Shared using News360 for the iPhone. Learn more at http://www.news360.net


----------



## Devil's Advocate (Dec 3, 2010)

Well, at least all the billions we've been handing over to China for the last three decades is finally going toward a good cause somewhere. :lol:


----------



## George Harris (Dec 3, 2010)

note the weasel words: "unmodified conventional commercial train"

They would have found others to whatever extent necessary to flaunt their national pride.


----------



## Devil's Advocate (Dec 3, 2010)

George Harris said:


> note the weasel words: "unmodified conventional commercial train" They would have found others to whatever extent necessary to flaunt their national pride.

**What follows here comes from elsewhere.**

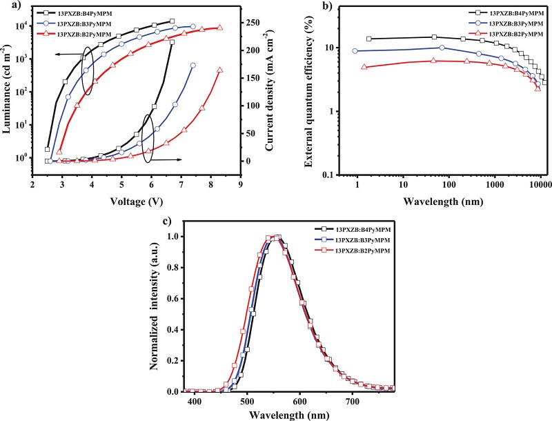 c)基于13PXZB: B4PyMPM、13PXZB: B3PyMPM和13PXZB: B2PyMPM的重量比为7:3的OLEDs的EL光谱。

How are those "weasel words?" Unless I'm mistaken the French train and electrification system _were_ modified for testing and the Japanese train was a prototype on a track used exclusively for testing. Why shouldn't the Chinese be proud of their accomplishment? What sort of railfan bashes the technical accomplishments of others simply because they're on the other side of some imaginary line? There are plenty of legitimate reasons I can think of for criticizing the Chinese, but being proud of a new and faster passenger rail network isn't one of them.


----------